Ensemble Diagolos has video clips of their performance of Judith online. It is awesome.
I want to point out a couple of things:
- There are three performers. Just three: two instruments and a vocalist.
- The staging is simple, probably deceptively so. I'm sure lot of work went into it.
- In the extended instrumental interlude after the feast, watch the way the players interact with their instruments. The fiddler saws and bangs on his lirica, and the piper blows with breathless abandon. It's violent - as befits this point in the story, when Judith is sawing off Holofernes's head.
- The subtitles help immensely.
- This was a "musical reconstruction" - no music for this 16th century poem survived. From the website:
Musically, this project is a reconstruction, using Gregorian,
Beneventan and Glagolitic sources of medieval Dalmatia, as well as the
study of Glagolitic chant in oral tradition. The text of Judith survives
without music but its metrical structure corresponds to a small number
of archaic Glagolitic melodies used for storytelling in medieval
Dalmatia, often in the context of the highly emotional and dramatic
songs related to the Passion or rituals of the Holy Week. The text
itself also refers to texts sung in the liturgical offices, so the task
of reconstruction was to find, in related musical sources (Dalmatian
and southern Italian), melodies corresponding to the suggestions of the
original text.
In this research, it was necessary to study the most archaic layers
of what is called Glagolitic chant. This liturgical repertoire, sung in
the local vernacular tongue (Croatian Church Slavonic) while actually
belonging to the Roman rite, was preserved in manuscripts written in
the Glagolitic alphabet, used in medieval Croatia. Written sources
mention the existence of this chant in Dalmatia as early as the 11th
century, within the circles of clergymen who didn’t speak Latin. Yet,
the particularity of the Glagolitic repertoire, passed on orally, is
its survival up to the present day in a few locations along the
Croatian coast, on the Dalmatian islands and in Istria.
Okay, that? That is performing arts research at a master level. You can argue the methods if you like - I'm sure there are people who do.
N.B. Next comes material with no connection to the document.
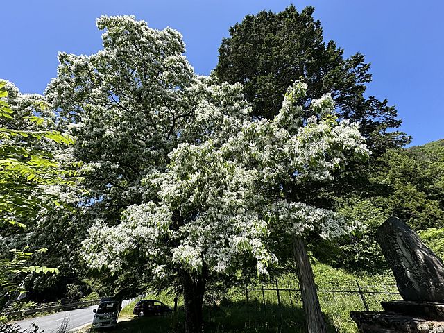 写真は「なんじゃもんじゃ」の木、いま花が満開になっています。家からクルマで5分ほどのところにある。じっくり観たのはひょっとして初めてかもです。

Maybe a "pure" version of the poem would not try to reconstruct the music. But if you're going to try and reconstruct the music, this is how you do it. (Or it's one scholarly, informed way of doing it.) You don't just write down whatever comes to mind.
And I think it would be a literally awesome SCA performance, except for the subtitle problem (and possibly length - what's on the website is just clips). You would, however, have to present it as a sung story, I think, rather than what we expect as a song. Ballads are as close as we get to epic song, for the most part, and this is way past even that in scope.